Personal information
- Born: 28 July 1967 (age 59) Barcelona, Spain
- Coaching career: 2006–present

Career history

Coaching
- 2006–2010: Olesa
- 2010–2012: Avenida
- 2012–2016: Shanxi Flame
- 2013–2021: Spain
- 2016–2018: Dynamo Kursk
- 2018-present: Toyota Antelopes

Career highlights
- 2× EuroLeague Women champion (2011, 2017); Spanish League champion (2011); 3× Chinese League champion (2013, 2014, 2015); Spanish Cup champion (2012); Russian Cup champion (2018); Japanese League champion (2021);

= Lucas Mondelo =

Spanish basketball coach

Lucas Mondelo García (born 28 July 1967) is a Spanish basketball coach for Toyota Antelopes. He was also the head coach of the Spain women's national team from 2012 to 2021.

==Coach career==
As a club coach, Mondelo first coached professionally at Club Bàsquet Olesa from Olesa de Montserrat in the season 2006-07, promoting to the first tier league in his first year. In 2010 he signed for one of the strongest teams in Spain, Perfumerías Avenida, winning the 2011 Spanish League, the 2010–11 EuroLeague Women and the 2012 Spanish Cup. He had his first experience abroad in China, coaching the newly-promoted Shanxi Xing Rui Flame, and winning three times the Chinese women's championship. In 2016, he signed with Russian club Dynamo Kursk, winning the 2017 EuroLeague with an 18-0 record and the 2018 Russian Cup. Mondelo was deprived of more titles by UMMC Ekaterinburg, being runner-up to them in the 2017, 2018 and 2019 Russian League, as well as being defeated at the 2018 EuroLeague and the 2019 EuroLeague Final Fours.

==International career==
In 2009, Mondelo coached the under-19 women's team. The team achieved the silver medal in the 2009 World Championship. In 2010, Mondelo became manager of the Spanish women's under-20 team.
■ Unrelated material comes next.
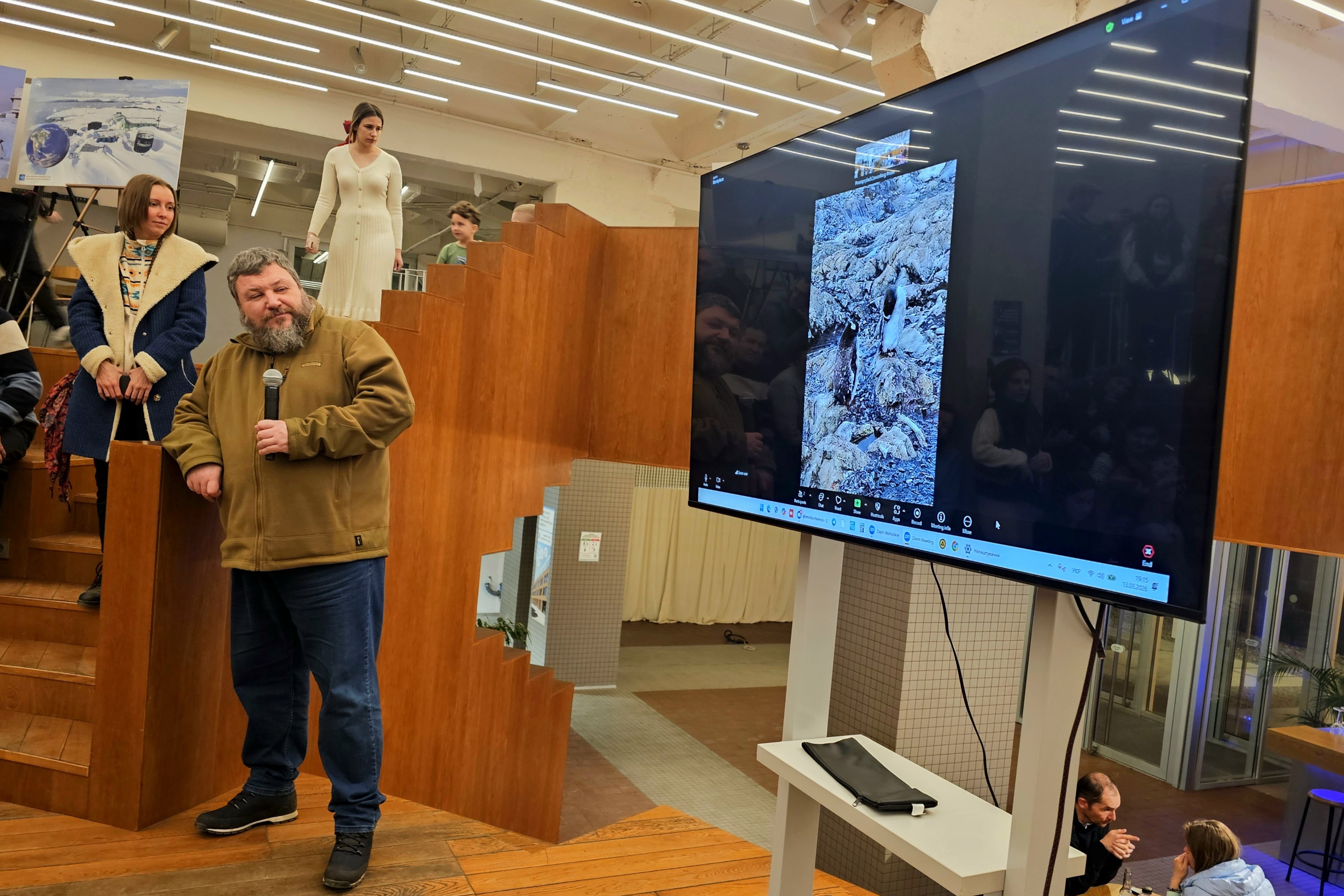 Він розказав про перезмінку команд, яка зараз відбувається, та зробив учасникам живе «вікно» в Антарктику. Приміром, показав, як мало снігу і криги лишилося навколо станції наприкінці антарктичного літа.
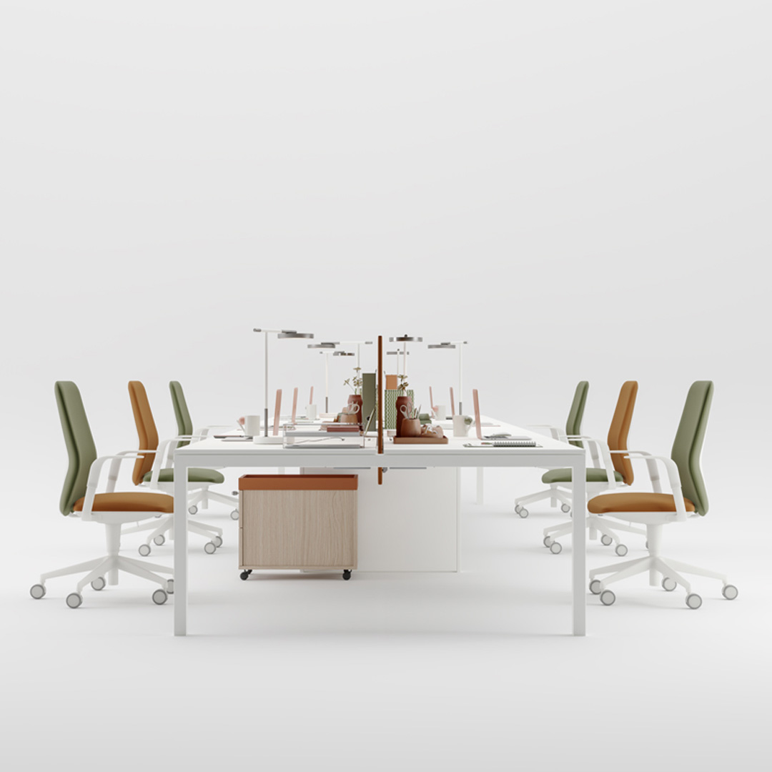 C06 è una collezione di scrivanie e tavoli riunione che si adatta perfettamente alle necessità degli ambienti operativi e manager.

He led the team to the silver medal in the 2010 Under-20 European championship and also to win the 2011 edition.

Mondelo became the Spanish women's team national coach in 2012, after the team failed to qualify for the 2012 London Olympics. He coached the senior national team to seven consecutive medals from 2013 to 2019:

- 2009 FIBA Under-19 World Championship (youth)
- 2010 FIBA Europe Under-20 Championship (youth)
- 2011 FIBA Europe Under-20 Championship (youth)
- 2013 Eurobasket
- 2014 World Championship
- 2015 Eurobasket
- 2016 Summer Olympics
- 2017 Eurobasket
- 2018 World Championship
- 2019 Eurobasket

In October 2020, Mondelo announced that he will remain as head coach of the team through the Paris 2024 Olympics.